Dr. Mark Tarver wrote:

> I want a non-destructive end of file test
> for an input byte stream (SBCL) from a file.
> Looking at CLTL etc. I find LISTEN.
> However I find that having read the last
> byte off the stream, LISTEN returns T. Only
> when I then try to read the next
> (non-existent) byte does LISTEN wise up to
> the fact that the stream is empty. Is this
> expected behaviour? Is there a workaround
> or a better substitute in the docs?


Gauche Scheme:

(with-input-from-file "7z.dll" (lambda ()
(let go ((cnt 0))
(if (eof-object? (peek-byte))
cnt
(begin (read-byte)
(go (+ 1 cnt)))))))

===>
713728

--
The Ortagard school in Rosengard, an area of Malmo with close to 100% Muslim
immigrants, is burning yet again.
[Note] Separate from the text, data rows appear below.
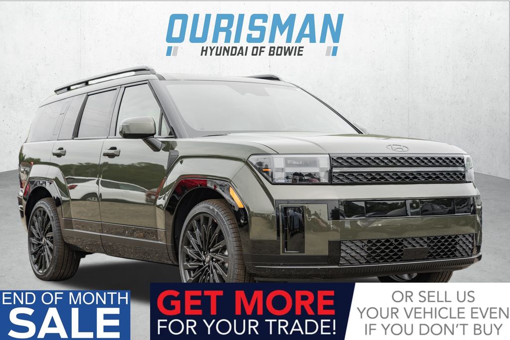 This NEW 2026 Green Hyundai Santa Fe Calligraphy AWD is well equipped and includes these features and benefits:Option Group 01, AWD, Pecan Brown Leather, 12 Speakers - Bose Audio, 3rd row seats: bench, 4-Wheel Disc Brakes, ABS brakes, Air Conditioning, All Season Fitted Liners, Alloy wheels, AM/FM radio: SiriusXM, Apple CarPlay & Android Auto, Auto High-beam Headlights, Auto-dimming Rear-View mirror, Automatic temperature control, Brake assist, Bumpers: body-color, Cargo Cover/Screen, Cargo Net, Cargo Tray, Carpeted Floor Mats, Cruise Control, Delay-off headlights, Driver door bin, Driver vanity mirror, Dual front impact airbags, Dual front side impact airbags, Electronic Stability Control, Emergency communication system, Exterior Parking Camera Rear, First Aid Kit, Four wheel independent suspension, Front anti-roll bar, Front Bucket Seats, Front Center Armrest, Front dual zone A/C, Front reading lights, Fully automatic headlights, Garage door transmitter: HomeLink, Heads-Up Display, Heated & Ventilated Front Bucket Seats, Heated door mirrors, Heated front seats, Heated rear seats, Heated steering wheel, Illuminated entry, Knee airbag, Leather steering wheel, Low tire pressure warning, Memory seat, Navigation System, Occupant sensing airbag, Outside temperature display, Overhead airbag, Overhead console, Panic alarm, Passenger door bin, Passenger vanity mirror, Power door mirrors, Power driver seat, Power Liftgate, Power moonroof, Power passenger seat, Power steering, Power windows, Quilted Premium Nappa Leather Seat Trim, Radio: AM/FM/HD Bose Premium Audio System, Rain sensing wipers, Rear anti-roll bar, Rear side impact airbag, Rear window defroster, Rear window wiper, Remote keyless entry, Security system, Severe Weather Kit, Speed-sensing steering, Split folding rear seat, Spoiler, Steering wheel mounted audio controls, Tachometer, Telescoping steering wheel, Tilt steering wheel, Traction control, Trip computer, Turn signal indicator mirrors, Variably intermittent wipers, Ventilated front seats, and Wheels: 21" x 8.5J Unique Dark Finish Alloy.2.5L I4Pricing Disclaimer: We make every effort to provide accurate information, but please verify options and price prior to purchase. All financing is subject to approved credit. Prices do not include tax, tags, title, registration, electronic filing fee, processing fee of $800 (Not required by law) Located at 2404 Robert S. Crain Hwy A, Bowie, MD 20716. Price includes: $3500 - Hyundai HMF Dealer Choice: $3500 discount and 5.99% APR for 24 months. $44.32 per $1000 financed. Available to well qualified buyers who finance through Hyundai Motor Finance. H704. Exp. 11/03/2025
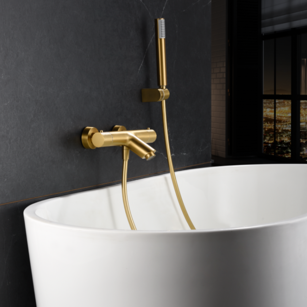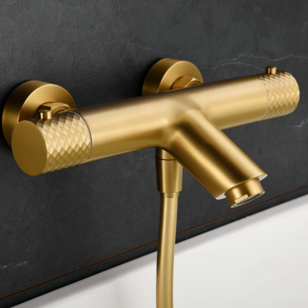Grifería para baño/ducha en latón. Acabado oro cepillado. Soporte para mango de ducha ABS. Mango de ducha redondo de 1 posición. Flexo PVC 1.8 m. Caudal medio 12 l/min. Cartucho termostático auto-limpiable TURN CLEAN SYSTEM (exclusivo)
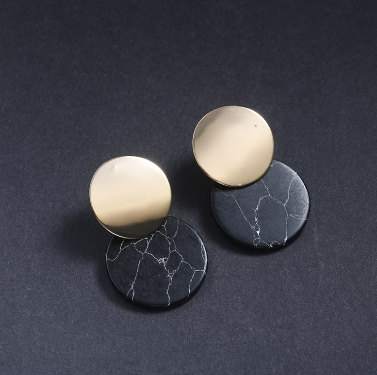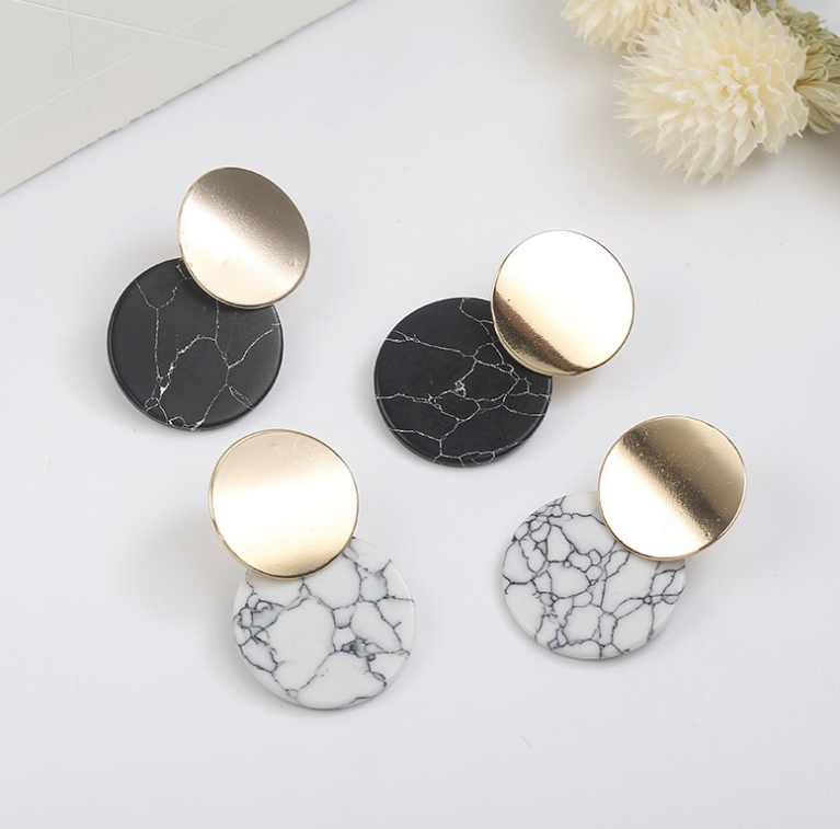 Europe and the United States simple cool wind earrings black and white retro marble personality earrings fashion elegant earrings female
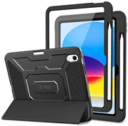 Daarnaast heeft hij een Apple Pencil houder en een uitklapbare standaard zodat je je tablet comfortabel in verschillende hoeken kunt zetten - ideaal om te werken, films te kijken of te internetten. Dankzij de nauwkeurige uitsparingen kun je alle iPad-functies vrij gebruiken zonder dat je de hoes hoeft te verwijderen.
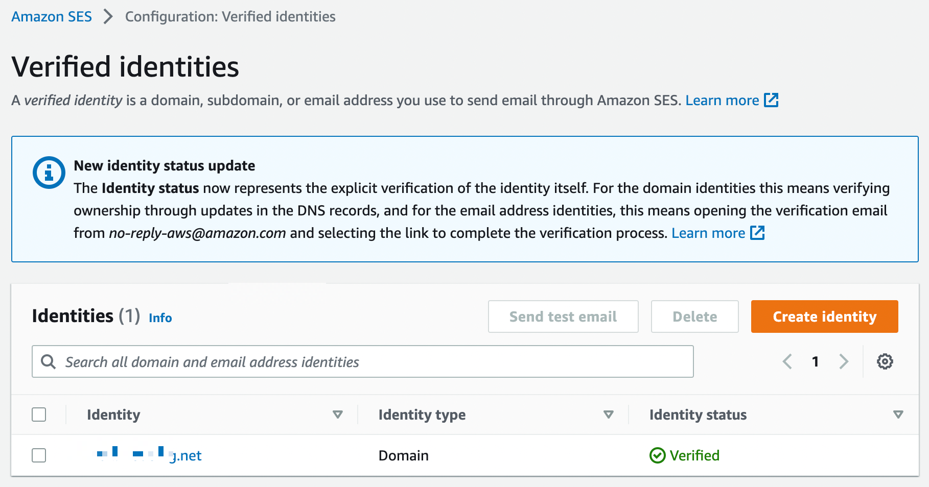 인증된 Identity는 아래처럼 상태가 Verified로 뜹니다.
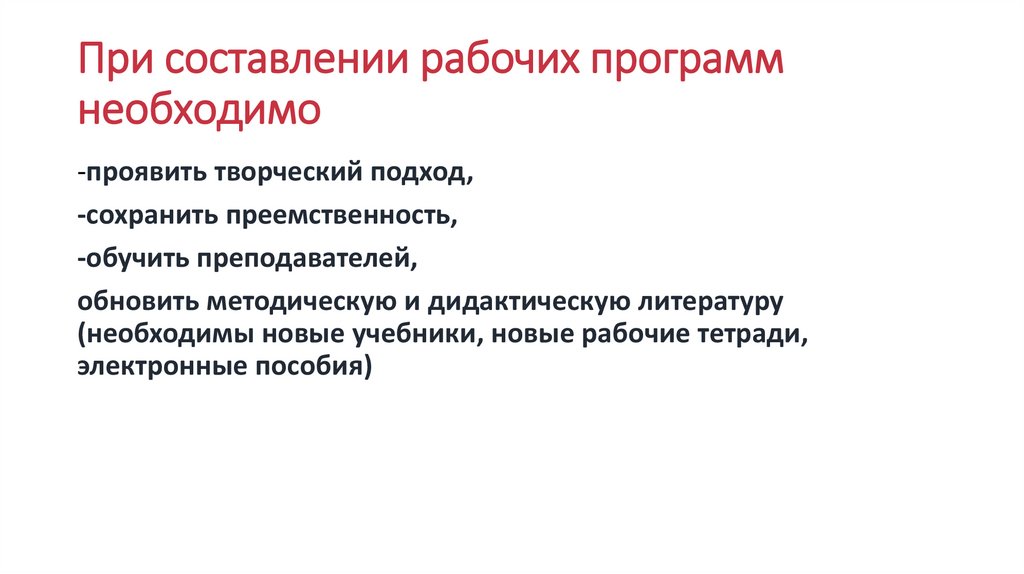 При составлении рабочих программнеобходимо
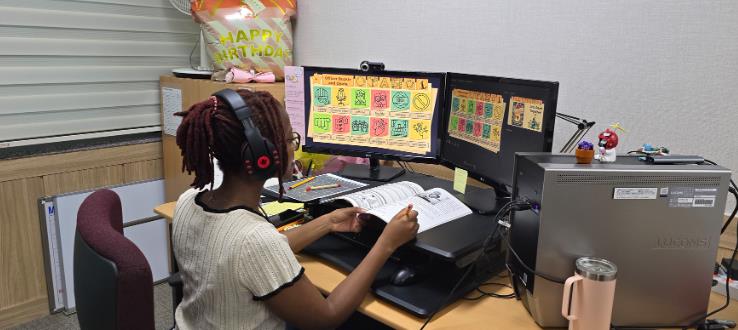 | ▲ 창의융합교육원, ‘Summer English Book Club’ 운영 Tumelo 교사가 학생들에게 화상수업을 진행하고 있다(창융원). |
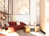 Пространство входных групп выглядит стильно и статусно, формируя первое впечатление о доме. В основе цветовых решений — оттенки шампани, терракота и антрацита. Они подобраны в тон фасадов домов квартала, что создаёт архитектурную преемственность и целостность проекта.

Several police patrols are called out. But
Prime Minister Persson has already been escorted by special security police
into his bulletproof Volvo....
fjordman.blogspot.ca/2005/05/is-swedish-democracy-collapsing.html

Madhu

5/8/2015 1:02:00 AM

0


* "Pascal J. Bourguignon" <87d22cfir7.fsf@kuiper.lan.informatimago.com> :
Wrote on Thu, 07 May 2015 18:35:24 +0200:

| We must take into account foremost the first sentence: is a character
| immediately available from input-stream? For file-streams, this can be
| known non-destructively only if the stream is buffered, and if there is
| a character in the input buffer.

No. For file streams the file size and file position are well known.
The stream implementation accounting keeps track of which position is
being read if the stream is buffered or if it unbuffered. The
end-of-file is entirely determinable.


| Similarly for a buffered interactive stream (eg. a terminal in line
| mode).
|
| But for unbuffered streams (interactive, socket streams, etc), unless
| you just called UNREAD-CHAR, we cannot assume either result.
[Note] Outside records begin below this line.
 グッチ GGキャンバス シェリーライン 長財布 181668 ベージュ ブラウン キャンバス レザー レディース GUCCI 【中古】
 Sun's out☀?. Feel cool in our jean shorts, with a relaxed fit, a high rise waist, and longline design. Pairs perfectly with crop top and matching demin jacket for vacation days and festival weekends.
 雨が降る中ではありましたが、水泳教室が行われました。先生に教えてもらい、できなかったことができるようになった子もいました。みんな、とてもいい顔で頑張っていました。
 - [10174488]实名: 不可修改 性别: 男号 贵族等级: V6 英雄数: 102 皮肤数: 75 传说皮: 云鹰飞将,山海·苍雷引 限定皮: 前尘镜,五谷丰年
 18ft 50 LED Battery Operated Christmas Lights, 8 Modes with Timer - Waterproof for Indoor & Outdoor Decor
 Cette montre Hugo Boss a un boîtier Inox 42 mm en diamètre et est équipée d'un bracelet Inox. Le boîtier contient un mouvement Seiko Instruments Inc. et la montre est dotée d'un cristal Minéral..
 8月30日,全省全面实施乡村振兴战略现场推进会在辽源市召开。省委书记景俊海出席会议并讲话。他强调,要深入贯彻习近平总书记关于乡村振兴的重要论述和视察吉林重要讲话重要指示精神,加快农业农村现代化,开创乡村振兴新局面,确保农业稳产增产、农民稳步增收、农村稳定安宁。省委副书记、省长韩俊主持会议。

implementation of UNREAD-CHAR can again use a single charcter
buffer. This is all very hokey while the spec is precise.

| The problem is that in general, end-of-file is not a state, it's an
| event, despite the language used in the above description.

In the case of file-streams end-of-file is a state, which is reached
when the last character or byte has been read.

| For example, in the case of file-streams on unix systems, the file can
| grow at any time. Therefore if the implementation returned NIL to a
| file-stream when (= (file-position s) (file-length s)), it could be
| wrong, because between the time LISTEN returns and the time you test it,
| another process may have added bytes to the file, and now we would have
| (< (file-position s) (file-length s)).

Wrong. FILE-LENGTH would reflect the new length and the call to
LISTEN would reflect the present state.

| On the other hand, if it returned true, then if no other process
| writes to the file, you will encounter a end-of-file condition when
| you try to read. Or perhaps not, if you wait too long and eventually
| another process writes to the file.

These are peripheral issues. There are any number of hypothetical
situations and solutions --- what if the file is truncated, file locks,
ccl making streams exclusive to processes, none of these affect the
specification of LISTEN. The behaviour of SBCL is a bug UNIX or not.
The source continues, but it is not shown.